Iowa Gov. Kim Reynolds speaks during a news conference on March 29, 2020, about the coronavirus COVID-19 and the state’s response from the State Emergency Operation Center in Johnston, Iowa. (Photo by Kelsey Kremer/Pool, Des Moines Register)
Gov. Kim Reynolds on Sunday defended her decision to include surgical abortions in her order to suspend “non-essential” and elective medical and dental procedures, saying the action was not based on her personal ideology.
Also Sunday, the Iowa Department of Public Health said it expects to see the first peak in cases in two to three weeks. And Reynolds and U.S. Sen. Joni Ernst talked about what they would like to see if Congress approves a fourth COVID-19 response package.

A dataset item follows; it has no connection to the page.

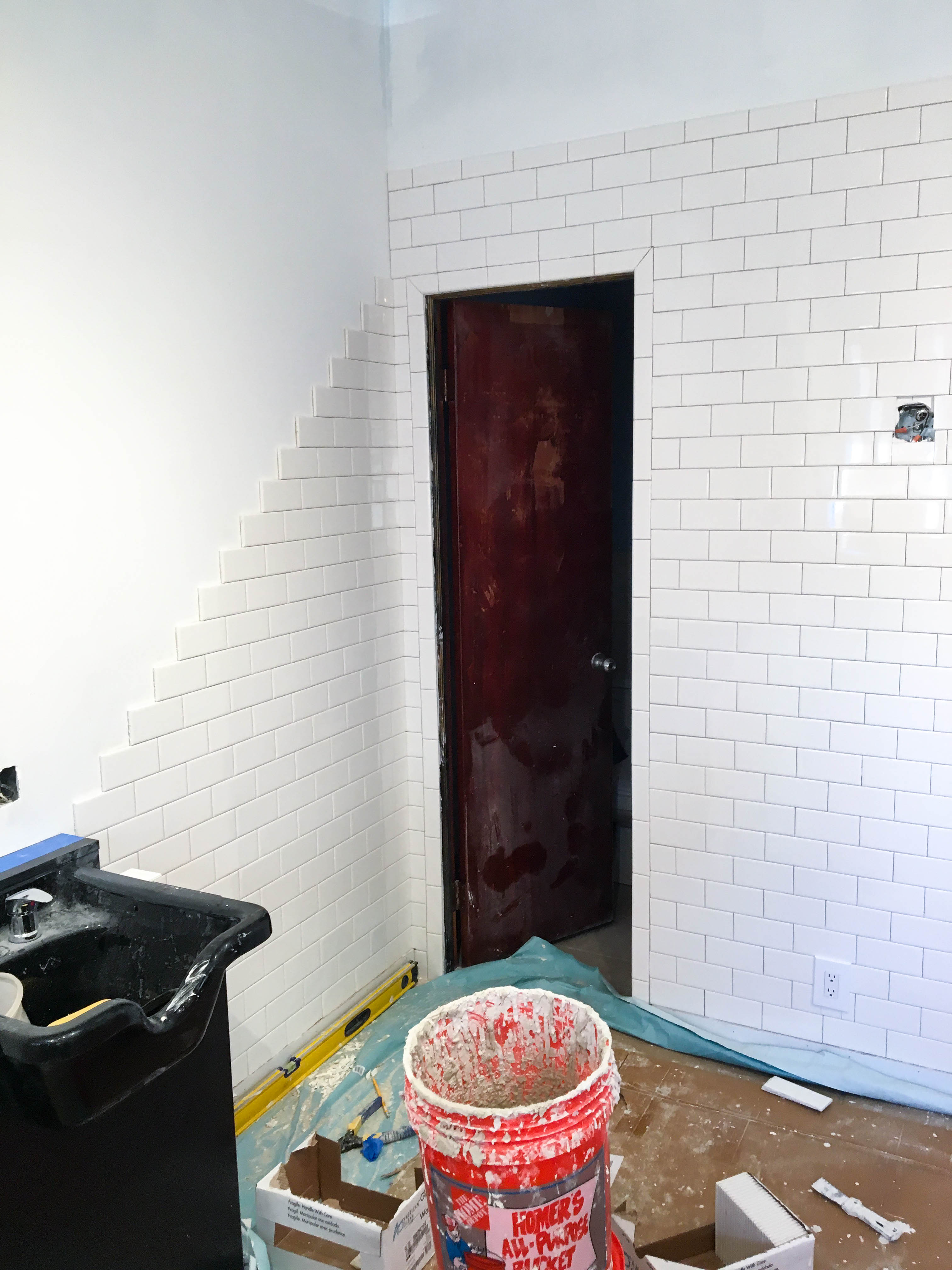 Neither of us had ever tiled before. I’ve always wanted to tile the backsplash in my kitchen, but every time I think about it I decide after weighing the options that it’s not worth the effort. In this case though, it was absolutely worth the effort if it meant having a gleaming showcase for Russell and his hair shop. And hey, I read Manhattan Nest. How hard could it really be?

Reynolds on Sunday addressed for the first time her office’s interpretation that surgical abortions were part of the emergency order issued March 26 to suspend certain medical and dental procedures.
She said the decision was based on the need to preserve personal protective equipment, such as face masks and shields, that have been in short supply. The order also reserves ventilators and anesthesia machines that can be converted to ventilators, she said.
“The decisions that I have made have been made in the vein of really helping us strategically use our PPE stockpile that we have, that has been an issue from the very beginning of this,” she said.
She said she has closed businesses, such as bars and dine-in restaurants, recommended school closures and suspended other activities based on the potential threat of COVID-19 spread or to protect the health care system.
“Everyone is making sacrifices, everyone,” she said, adding, “these all have a limited time frame.”
The order delays medical procedures until April 15.
She left the door open for people to make the case to the Iowa Board of Medicine that their procedure is urgent, be it an abortion or a kidney stone.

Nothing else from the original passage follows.